Pelarangan itu sempat menimbulkan protes dari PBB. “Saya pikir  tidak tepat untuk melarang perempuan berjilbab untuk bermain sepakbola. Kebijakan itu tampak bodoh,” komentar Juru Bicara PBB Untuk Olahraga, Wlifred Lemke.

Karena desakan itu, Maret 2007 International Football Association Board (Asosiasi Dewan Sepakbola Internasional) sepakat mencabut larangan pemakaian jilbab bagi pesepakbola muslim. Namun keputusan final akan diambil FIFA di Zurich pekan depan.

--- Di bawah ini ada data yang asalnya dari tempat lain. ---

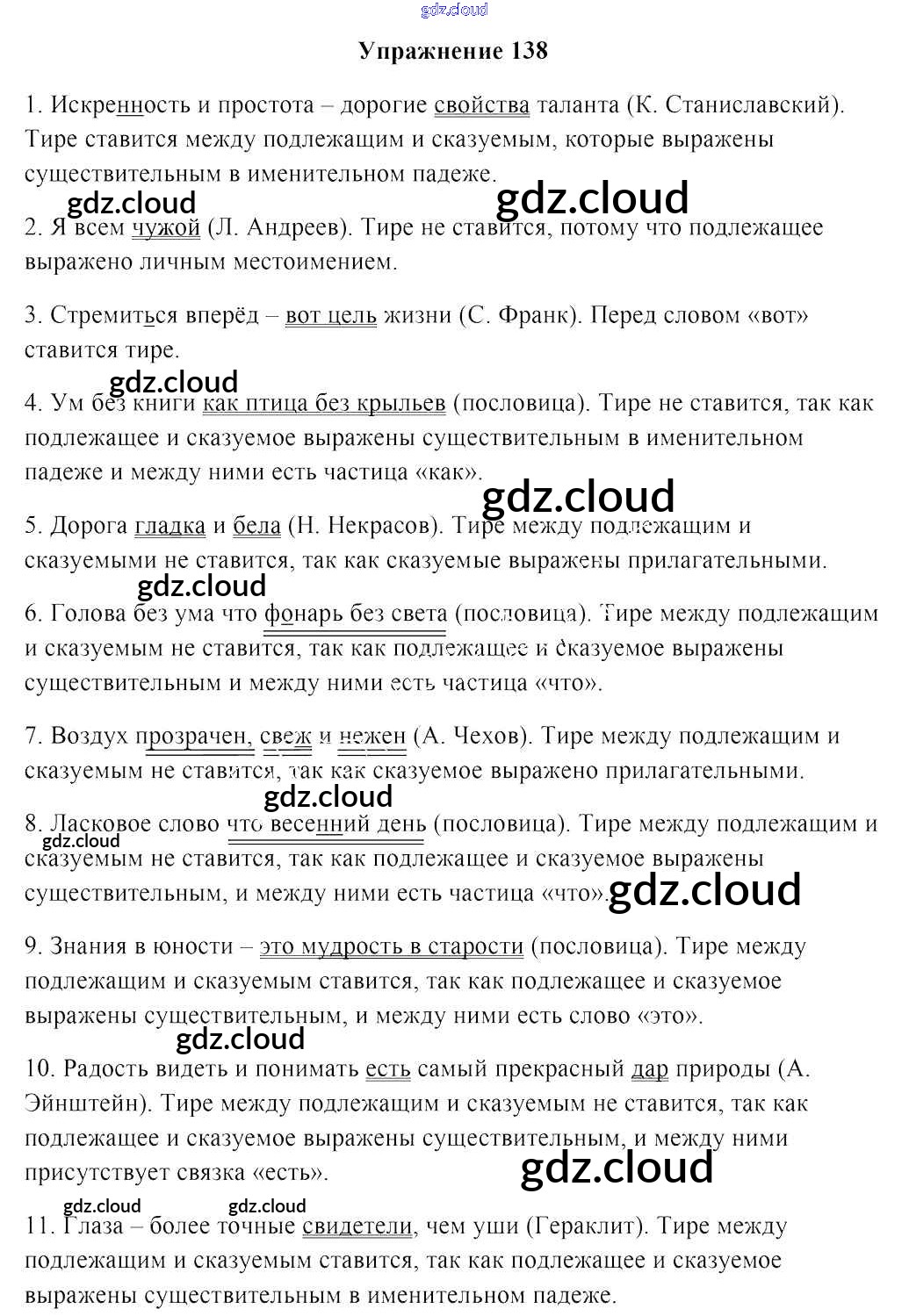 Ответ на задание 138 Учебник Русский язык за 8 (восьмой) класс Мурина, Игнатович, Жадейко 2018 ФГОС онлайн и без номера телефона.

Sebelumnya, ketua Komite medis FIFA Michel D’Hooghe mengatakan jilbab bisa menyebabkan nyeri kepala dan cedera leher atau terlalu panas. Namun setelah melakukan penelitian mendalam pihaknya tidak menemukan ancaman cedera itu. Artinya, jilbab aman digunakan. Jika hasil pemungutan suara memberi izin pemakain jilbab, FIFA akan membuat aturan mengenai jilbab yang layak digunakan untuk bertanding.

Seperti diketahui, pada April 2010 FIFA berencana melarang pemakaian jilbab dalam sepakbola wanita di Olimpade London. Padahal, cabang olahraga lain seperti rugby dan taekwondo mengizinkan muslimah untuk mengenakan jilbab dalam setiap kompetisi yang diadakan.

Tahun lalu, tim sepakbola perempuan Iran dilarang FIFA untuk ambil bagian dalam kualifikasi Olimpiade. Mereka menolak untuk melepas jilbab sebelum pertandingan dimulai. Akibat hal itu, Iran yang saat itu menempati posisi puncak klasemen terpaksa didiskualifikasi.